WHAT IS NEEDED ▸ Pictures excluded, output the lines of the data below between the one holding "枠番 | 馬番 | 馬名" and the one holding "T-shirt homme à", inclusive, exactly as they stand.

════════

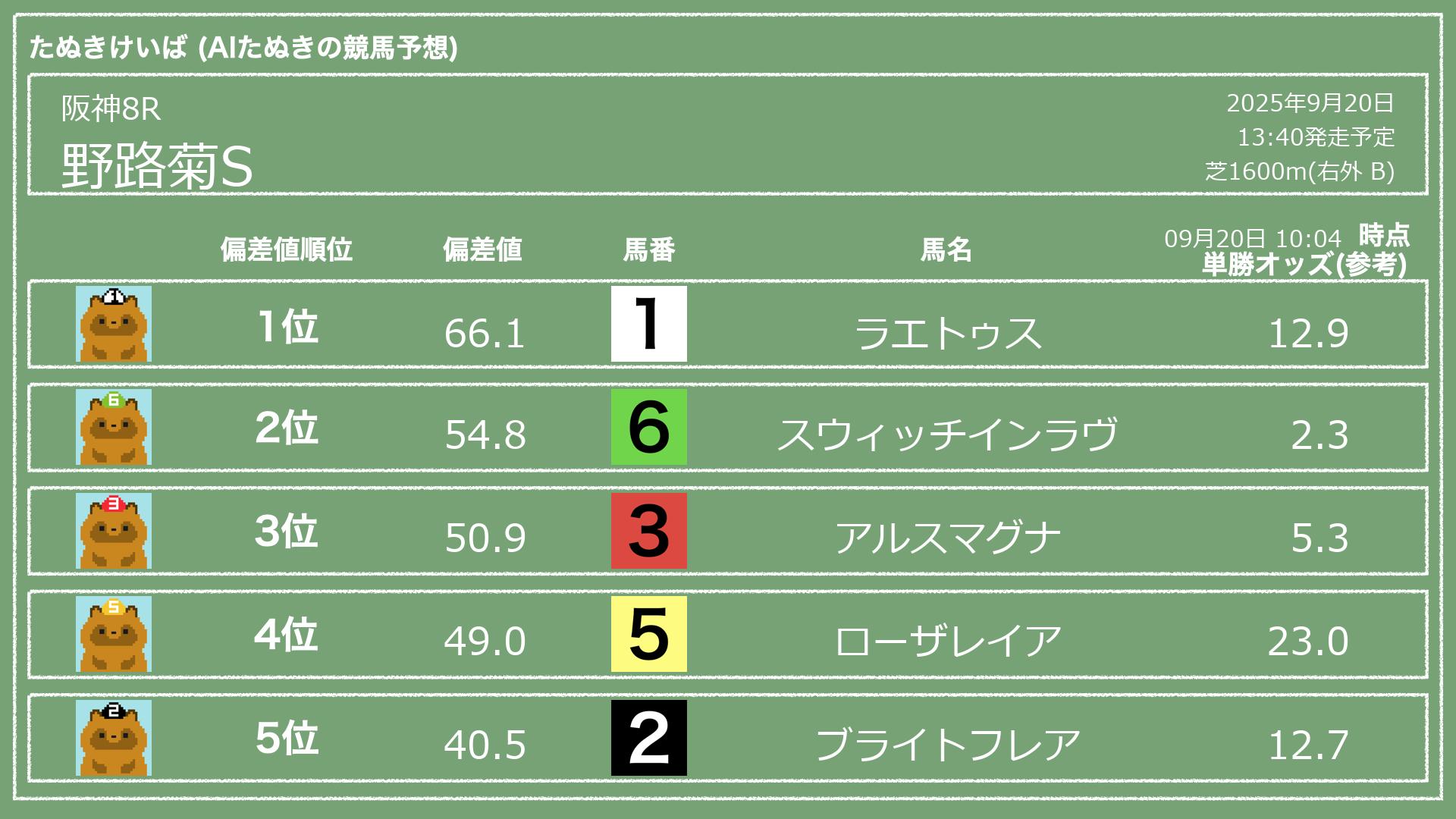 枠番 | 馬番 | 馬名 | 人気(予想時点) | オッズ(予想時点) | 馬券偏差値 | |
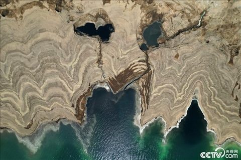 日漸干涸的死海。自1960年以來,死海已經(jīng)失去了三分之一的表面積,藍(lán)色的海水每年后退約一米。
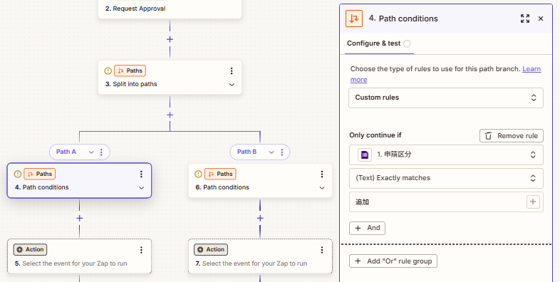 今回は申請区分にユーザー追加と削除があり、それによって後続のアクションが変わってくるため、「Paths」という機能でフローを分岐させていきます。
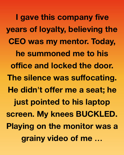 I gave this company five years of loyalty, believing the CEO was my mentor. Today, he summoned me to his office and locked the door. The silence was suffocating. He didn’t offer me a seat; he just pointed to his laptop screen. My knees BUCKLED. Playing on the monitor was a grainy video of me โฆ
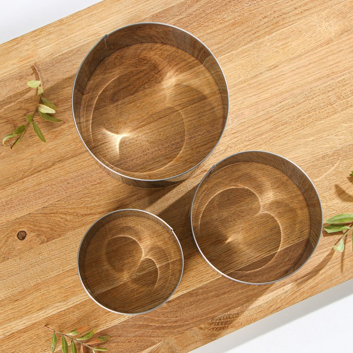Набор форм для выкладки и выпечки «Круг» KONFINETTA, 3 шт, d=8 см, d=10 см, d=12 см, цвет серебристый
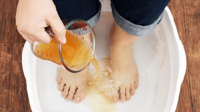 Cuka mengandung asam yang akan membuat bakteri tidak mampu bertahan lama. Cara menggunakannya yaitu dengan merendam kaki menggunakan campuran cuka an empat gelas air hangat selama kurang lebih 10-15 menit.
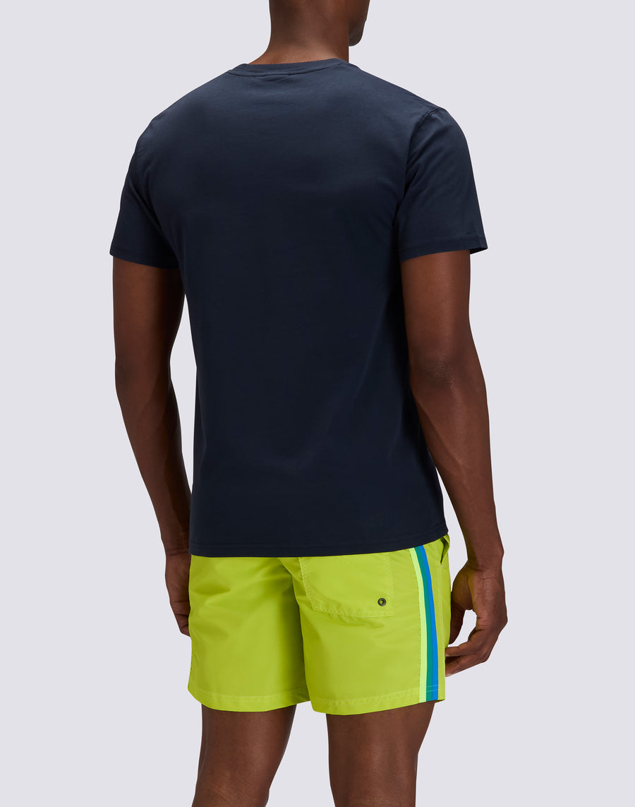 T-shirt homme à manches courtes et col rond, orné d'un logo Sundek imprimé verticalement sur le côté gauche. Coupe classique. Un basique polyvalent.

════════

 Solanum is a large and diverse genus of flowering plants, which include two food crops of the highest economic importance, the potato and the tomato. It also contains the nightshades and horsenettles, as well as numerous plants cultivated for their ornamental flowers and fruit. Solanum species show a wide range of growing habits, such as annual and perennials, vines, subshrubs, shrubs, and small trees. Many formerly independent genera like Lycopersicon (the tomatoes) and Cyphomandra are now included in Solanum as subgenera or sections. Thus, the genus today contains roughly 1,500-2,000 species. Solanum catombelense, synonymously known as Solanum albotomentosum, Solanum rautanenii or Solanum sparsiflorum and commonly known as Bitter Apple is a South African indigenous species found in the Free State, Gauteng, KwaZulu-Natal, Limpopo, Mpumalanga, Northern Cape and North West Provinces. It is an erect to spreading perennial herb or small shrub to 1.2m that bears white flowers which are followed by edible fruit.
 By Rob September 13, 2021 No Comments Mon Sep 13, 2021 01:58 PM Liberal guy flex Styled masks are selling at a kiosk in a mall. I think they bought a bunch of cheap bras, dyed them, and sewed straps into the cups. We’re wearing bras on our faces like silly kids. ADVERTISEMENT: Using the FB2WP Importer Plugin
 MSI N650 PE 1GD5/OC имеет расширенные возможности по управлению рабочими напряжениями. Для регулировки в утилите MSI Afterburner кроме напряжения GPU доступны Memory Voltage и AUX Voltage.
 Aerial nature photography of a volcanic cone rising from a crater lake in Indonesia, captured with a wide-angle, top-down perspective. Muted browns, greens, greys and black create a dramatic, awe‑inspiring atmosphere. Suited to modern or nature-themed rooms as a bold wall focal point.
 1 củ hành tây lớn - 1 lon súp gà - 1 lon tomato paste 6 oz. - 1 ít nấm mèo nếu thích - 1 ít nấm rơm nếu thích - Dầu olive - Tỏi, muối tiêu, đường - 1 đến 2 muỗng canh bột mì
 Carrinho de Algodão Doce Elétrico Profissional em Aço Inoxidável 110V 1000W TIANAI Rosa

════════

RESPONSE TO THE TASK ▸
 枠番 | 馬番 | 馬名 | 人気(予想時点) | オッズ(予想時点) | 馬券偏差値 | |
 日漸干涸的死海。自1960年以來,死海已經(jīng)失去了三分之一的表面積,藍(lán)色的海水每年后退約一米。
 今回は申請区分にユーザー追加と削除があり、それによって後続のアクションが変わってくるため、「Paths」という機能でフローを分岐させていきます。
 I gave this company five years of loyalty, believing the CEO was my mentor. Today, he summoned me to his office and locked the door. The silence was suffocating. He didn’t offer me a seat; he just pointed to his laptop screen. My knees BUCKLED. Playing on the monitor was a grainy video of me โฆ
Набор форм для выкладки и выпечки «Круг» KONFINETTA, 3 шт, d=8 см, d=10 см, d=12 см, цвет серебристый
 Cuka mengandung asam yang akan membuat bakteri tidak mampu bertahan lama. Cara menggunakannya yaitu dengan merendam kaki menggunakan campuran cuka an empat gelas air hangat selama kurang lebih 10-15 menit.
 T-shirt homme à manches courtes et col rond, orné d'un logo Sundek imprimé verticalement sur le côté gauche. Coupe classique. Un basique polyvalent.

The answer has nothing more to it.